2023年12月23日
認定NPO法人 気候ネットワーク
代表 浅岡 美恵

 2023年12月22日、株式会社JERA(以下「JERA」)は、横須賀市久里浜に建設した横須賀火力発電所2号機(石炭・65万kW)の営業運転を開始したことを発表した。これにより年間最大363万トンのCO₂の追加的な排出となる。地球規模の気温上昇や世界各地で多発する気象災害によって甚大な被害が生じている中で、温室効果ガスの排出を最大限減らさなければならない危機的状況であるにもかかわらず、それに逆行する石炭火力の新たな稼動は決して許されるものではなく、JERAとそれを認める国に対して厳重に抗議する。

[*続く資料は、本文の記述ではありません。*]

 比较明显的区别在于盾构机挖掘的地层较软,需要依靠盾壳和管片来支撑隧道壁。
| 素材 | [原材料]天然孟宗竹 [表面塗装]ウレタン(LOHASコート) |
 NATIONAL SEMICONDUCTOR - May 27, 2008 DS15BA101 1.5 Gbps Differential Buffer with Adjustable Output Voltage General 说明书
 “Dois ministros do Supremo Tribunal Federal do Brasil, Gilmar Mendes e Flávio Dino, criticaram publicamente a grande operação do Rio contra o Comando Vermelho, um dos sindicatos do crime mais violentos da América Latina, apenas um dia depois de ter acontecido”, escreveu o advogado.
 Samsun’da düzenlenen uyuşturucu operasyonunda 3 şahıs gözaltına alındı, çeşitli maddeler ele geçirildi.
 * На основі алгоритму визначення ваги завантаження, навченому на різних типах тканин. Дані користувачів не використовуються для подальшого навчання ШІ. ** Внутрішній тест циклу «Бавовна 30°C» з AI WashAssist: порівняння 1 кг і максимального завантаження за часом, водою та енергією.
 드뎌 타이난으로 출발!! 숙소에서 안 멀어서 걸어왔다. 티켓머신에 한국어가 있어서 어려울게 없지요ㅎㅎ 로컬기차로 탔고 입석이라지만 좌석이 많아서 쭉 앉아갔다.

 横須賀火力発電所2号機について、JERAは当初2024年2月の営業運転開始としていたが、今回その予定を2か月前倒しした。COP28直前の11月29日に実施した定例記者会見において、JERAの奥田久栄社長CEO兼COOは横須賀火力発電所2号機の営業運転を「冬のピークに間に合うように」前倒しするよう指示したことを明らかにしており、それに対応したものと見られる。

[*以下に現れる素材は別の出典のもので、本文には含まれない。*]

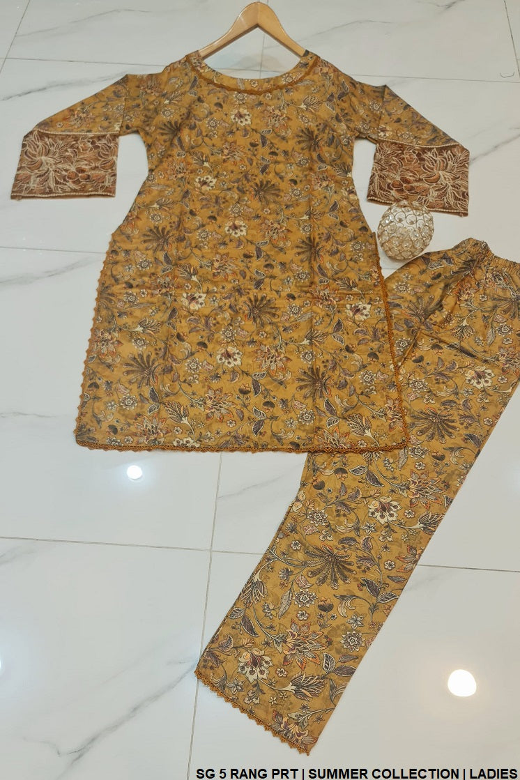 1. The shirt is crafted from high-quality lawn fabric, complemented by matching lawn fabric for the trousers. The dupatta comes in a 2-piece set, enhancing the overall ensemble. Featuring a sleek straight shirt design, the shirt is available in lengths of 38/40, providing a versatile and flattering fit. The total weight of the set is 0.300 kg, making it lightweight and comfortable for everyday wear.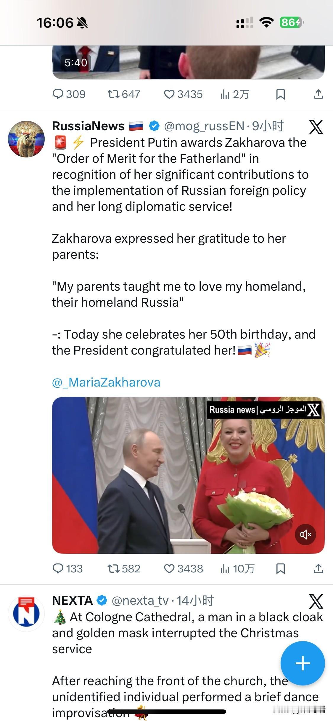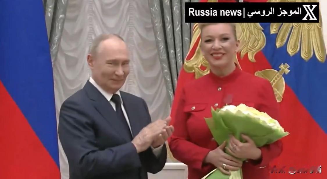 俄罗斯总统弗拉基米尔·普京向外交部发言人玛丽亚·扎哈罗娃(Maria Zakharova)颁发了“祖国功勋”勋章(四级),以表彰她对俄罗斯外交政策实施的重大贡献和多年的外交服务。 扎哈罗娃在克里姆林宫举行的国家授勋仪式上对父母表示感谢。 值得注意的是,扎哈罗娃当天恰逢50岁生日,普京总统也向她致以祝贺。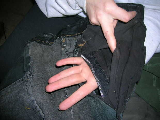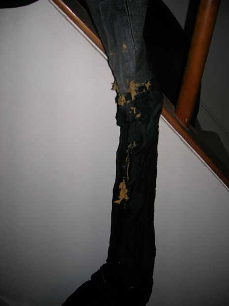 Debido a la edad de la chaqueta, se puede ver donde había aislamiento podrido aunque tiempo. (Todo eso naranja polvo como cosas). Tuve que vacío y elimine la mayor parte de él. Sin olvidar, la suciedad y años de recibos que quedó atrapados dentro de la chaqueta con el tiempo debido a los agujeros.

 資源エネルギー庁の今季の電力需給見通しでは、10年に一度の厳しい寒さを想定した電力需要に対する予備率は、北海道、東北、東京エリアで1月は5.2%、2月は5.7%と十分な電力が確保されていることが示されている。この想定では、横須賀火力2号機は供給力として含まれていない。ほか、トラブル続きの石炭ガス化複合発電プラント(IGCC)、勿来IGCC(52.5万kW)や広野IGCC(54.3万kW)も織り込まれていない。現状既に稼働中の発電所で「冬のピークへの対応」が可能であった中での、社会的必要性も緊急性もない稼動であると言える。

 さらに、今年12月に開催されたCOP28では、12月1日の首脳級ハイレベル・セグメントにおいて、岸田首相が石炭火力について「排出削減対策の講じられていない新規の国内石炭火力発電所の建設を終了」すると述べたばかりである。横須賀火力発電所2号機は「排出削減対策の講じられていない新規国内石炭火力発電所」そのものであり、2023年内に滑り込みのような形でJERAが稼動を開始させ、国がそれを認めるというのは、言行不一致の愚行である。

 気温上昇を1.5℃未満に抑える目標に少しでも近づけるために、日本以外のG7各国は2030年までに全ての石炭火力発電所を廃止することを決めた。日本も、真の気候変動対策に取り組むことは不可避であり、横須賀石炭火力発電所を含む国内172基以上の石炭火力発電所を順次止めるべきである。

参考)

JERA:横須賀火力発電所2号機の営業運転開始について(2023年12月22日)

資源エネルギー庁:今夏の電力需給及び 冬季の見通しについて (2023年9月27日)

JERA:「2023年度下期 定例記者会見 要旨」(2023年11月29日)

首相官邸:COP28における首脳級ハイレベル・セグメント 岸田総理スピーチ(2023年12月1日)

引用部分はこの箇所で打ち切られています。